Material provided Start Marker

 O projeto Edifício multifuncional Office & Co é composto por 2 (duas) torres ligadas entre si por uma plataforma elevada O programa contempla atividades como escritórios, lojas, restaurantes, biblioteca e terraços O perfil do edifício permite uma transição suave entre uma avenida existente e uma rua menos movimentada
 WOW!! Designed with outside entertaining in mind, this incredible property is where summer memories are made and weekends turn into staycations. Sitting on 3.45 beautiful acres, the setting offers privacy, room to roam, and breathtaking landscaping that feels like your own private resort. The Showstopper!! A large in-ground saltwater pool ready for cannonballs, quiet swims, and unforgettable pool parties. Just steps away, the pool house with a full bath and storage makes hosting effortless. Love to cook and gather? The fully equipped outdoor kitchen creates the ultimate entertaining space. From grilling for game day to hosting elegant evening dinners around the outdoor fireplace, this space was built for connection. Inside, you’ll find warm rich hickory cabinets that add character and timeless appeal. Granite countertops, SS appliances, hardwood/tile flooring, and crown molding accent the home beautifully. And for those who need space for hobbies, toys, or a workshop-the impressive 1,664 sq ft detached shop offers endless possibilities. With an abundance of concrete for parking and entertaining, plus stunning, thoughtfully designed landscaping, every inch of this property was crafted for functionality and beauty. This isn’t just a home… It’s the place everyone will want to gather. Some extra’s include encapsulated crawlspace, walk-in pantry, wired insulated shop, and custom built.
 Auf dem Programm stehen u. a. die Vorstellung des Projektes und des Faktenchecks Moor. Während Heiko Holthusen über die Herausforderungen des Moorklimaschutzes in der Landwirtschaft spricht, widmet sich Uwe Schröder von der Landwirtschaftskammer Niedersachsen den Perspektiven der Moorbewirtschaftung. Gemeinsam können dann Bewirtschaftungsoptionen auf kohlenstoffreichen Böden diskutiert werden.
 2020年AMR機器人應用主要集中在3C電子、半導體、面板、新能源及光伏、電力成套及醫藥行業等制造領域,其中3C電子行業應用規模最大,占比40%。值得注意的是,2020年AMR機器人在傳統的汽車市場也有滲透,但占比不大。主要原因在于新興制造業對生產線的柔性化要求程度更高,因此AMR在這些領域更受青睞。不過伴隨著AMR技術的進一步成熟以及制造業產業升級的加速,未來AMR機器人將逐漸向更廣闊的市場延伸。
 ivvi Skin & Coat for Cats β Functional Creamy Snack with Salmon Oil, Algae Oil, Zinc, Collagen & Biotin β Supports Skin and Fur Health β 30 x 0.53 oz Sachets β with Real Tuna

Material provided End Marker

— Exercise goal —
Transcribe all the entries exactly, as they stand.

— Result of this task —
 O projeto Edifício multifuncional Office & Co é composto por 2 (duas) torres ligadas entre si por uma plataforma elevada O programa contempla atividades como escritórios, lojas, restaurantes, biblioteca e terraços O perfil do edifício permite uma transição suave entre uma avenida existente e uma rua menos movimentada
 WOW!! Designed with outside entertaining in mind, this incredible property is where summer memories are made and weekends turn into staycations. Sitting on 3.45 beautiful acres, the setting offers privacy, room to roam, and breathtaking landscaping that feels like your own private resort. The Showstopper!! A large in-ground saltwater pool ready for cannonballs, quiet swims, and unforgettable pool parties. Just steps away, the pool house with a full bath and storage makes hosting effortless. Love to cook and gather? The fully equipped outdoor kitchen creates the ultimate entertaining space. From grilling for game day to hosting elegant evening dinners around the outdoor fireplace, this space was built for connection. Inside, you’ll find warm rich hickory cabinets that add character and timeless appeal. Granite countertops, SS appliances, hardwood/tile flooring, and crown molding accent the home beautifully. And for those who need space for hobbies, toys, or a workshop-the impressive 1,664 sq ft detached shop offers endless possibilities. With an abundance of concrete for parking and entertaining, plus stunning, thoughtfully designed landscaping, every inch of this property was crafted for functionality and beauty. This isn’t just a home… It’s the place everyone will want to gather. Some extra’s include encapsulated crawlspace, walk-in pantry, wired insulated shop, and custom built.
 Auf dem Programm stehen u. a. die Vorstellung des Projektes und des Faktenchecks Moor. Während Heiko Holthusen über die Herausforderungen des Moorklimaschutzes in der Landwirtschaft spricht, widmet sich Uwe Schröder von der Landwirtschaftskammer Niedersachsen den Perspektiven der Moorbewirtschaftung. Gemeinsam können dann Bewirtschaftungsoptionen auf kohlenstoffreichen Böden diskutiert werden.
 2020年AMR機器人應用主要集中在3C電子、半導體、面板、新能源及光伏、電力成套及醫藥行業等制造領域,其中3C電子行業應用規模最大,占比40%。值得注意的是,2020年AMR機器人在傳統的汽車市場也有滲透,但占比不大。主要原因在于新興制造業對生產線的柔性化要求程度更高,因此AMR在這些領域更受青睞。不過伴隨著AMR技術的進一步成熟以及制造業產業升級的加速,未來AMR機器人將逐漸向更廣闊的市場延伸。
 ivvi Skin & Coat for Cats β Functional Creamy Snack with Salmon Oil, Algae Oil, Zinc, Collagen & Biotin β Supports Skin and Fur Health β 30 x 0.53 oz Sachets β with Real Tuna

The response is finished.